Even when these metrics do not perfectly represent official taxa, having a rough sense of whether your closest matches fall at the species or genus level can substantially improve downstream interpretation. Following the recommended ANI thresholds is particularly helpful during early exploratory analyses, but they must be interpreted with care. Viral genomes vary enormously in size and often share only partially overlapping regions due to extensive horizontal gene transfer. To address this, ANI is sometimes reported alongside coverage, which measures the proportion of the query or reference sequence that aligns with its counterpart, yet this information alone still fails to capture important aspects of relatedness.

For example, take two pairwise comparisons both reporting 95% ANI at 80% coverage. In the first, an 80 kb segment of a 100 kb genome aligns to another 100 kb genome with 95% identity, resulting in roughly 76,000 identical bases and 4,000 mismatches. In the second, a 1 kb genome aligns to 80% of its length (800 bp) in a 100 kb genome at 95% identity, yielding 760 identical bases and 40 mismatches. Although both show 95% ANI and 80% coverage, the actual amount of shared versus divergent sequence differs by nearly two orders of magnitude.

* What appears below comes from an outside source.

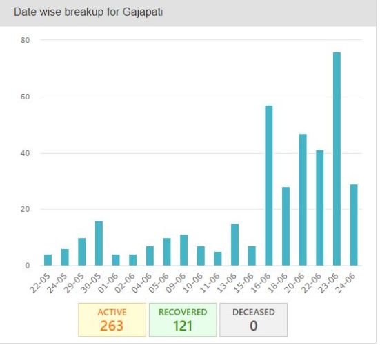 ମେ ୨୨ ତାରିଖରେ ଗଜପତି ଜିଲ୍ଲାରୁ ପ୍ରଥମ ପଜିଟିଭ୍ କେସ୍ ବାହାରିଥିଲା । ମାସେ ଭିତରେ ସଂକ୍ରମିତଙ୍କ ସଂଖ୍ୟା ୩ ଶହ ଟପିଗଲା । ରାଜ୍ୟରେ ସର୍ବାଧିକ କରୋନା ପ୍ରଭାବିତ ଜିଲ୍ଲାର ପଞ୍ଚମ ସ୍ଥାନରେ ରହିଛି ଗଜପତି ।

For these reasons, ANI is often more informative when expressed as total ANI (tANI) [9], which accounts for both the coverage of the aligned fraction and alignment length rather than raw identity alone. Tools such as Vclust [36], taxMyPhage [26] and VIRIDIC [35] provide a fast and practical method for calculating ANI, tANI and, related metrics to cluster genomes, providing an initial organisational framework that can be refined later as taxonomy-specific rules are applied.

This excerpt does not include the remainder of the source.